The weights haven’t shipped. Despite the “open-weight” branding, neither the model weights nor the technical report were available at launch. MiniMax committed to publishing both on Hugging Face and GitHub “within 10 days” — targeting roughly June 11, 2026. Until then, as Tech Times notes, outside engineers cannot inspect the architecture, verify the MSA speed claims, assess safety behavior, or confirm the license terms. MiniMax has used a modified-MIT license for prior models, which is closer to open-weight than to fully open source. The “open” designation is, for now, a company commitment rather than a verifiable fact.

Jurisdictional and legal risk. Tech Times devotes substantial space to a concern the more breathless coverage skips: MiniMax is headquartered in Shanghai and is subject to China’s 2017 National Intelligence Law, which obligates Chinese firms to “support, assist, and cooperate” with state intelligence work. For agentic coding workloads involving proprietary source code or sensitive data routed through MiniMax’s API, that’s a structural consideration regardless of server location. The same report notes a U.S. congressional investigation announced April 29, 2026, naming MiniMax alongside other Chinese labs; Anthropic’s February 2026 allegations of industrial-scale distillation against Claude; and an active copyright suit from Disney, Universal, and Warner Bros. Discovery over the separate Hailuo product, which a federal judge allowed to proceed on May 26, 2026. None of these implicate M3’s technical merits, but they shape the deployment calculus for regulated or enterprise users.
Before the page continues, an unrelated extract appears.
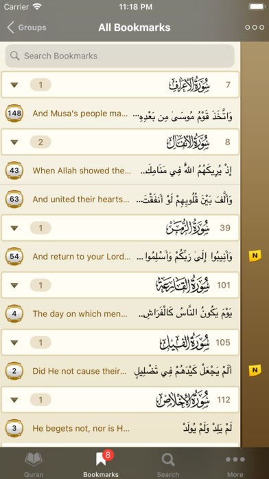 ブックマーク機能が搭載されているので、コーランのお気に入りのページをブックマークし、見たいときにいつでもすぐに表示させることができます。数に制限はないのでたくさんお気に入り登録しちゃいましょう。

Long context is not memory. As Lushbinary cautions, a 1M window helps, but stuffing everything into context is no substitute for a real memory system on long-running agents. And the promo pricing is temporary — teams should model unit economics against the standard $0.60 / $2.40 rate.

The bottom line

MiniMax M3 is the most technically ambitious release in the company’s history, and arguably a milestone for open-weight AI generally. The MSA architecture is a genuinely novel contribution to the long-context problem, the pricing is aggressive enough to reshape the economics of agentic workloads, and the benchmark scores — even discounted for vendor bias — place M3 in frontier-adjacent territory while beating GPT-5.5 and Gemini 3.1 Pro on at least one serious coding test.

But the honest verdict, the one threaded through The Decoder, VentureBeat, and especially Tech Times, is that M3 trails the current frontier — Claude Opus 4.8 — by a meaningful 10-plus points on the directly comparable agent benchmarks, its scores are not yet independently verified, and the open weights that would let anyone check the claims are still ten days out. The cost advantage is real and large. It is, as Tech Times concludes, “a factor — not the only factor.”

The right move for anyone considering M3 in production is the one every credible source recommends: wait for the weights and the technical report around June 11, watch for independent scores from Artificial Analysis and LMArena, and run your own evaluations on representative tasks before committing. The promise is enormous. The verification has just begun.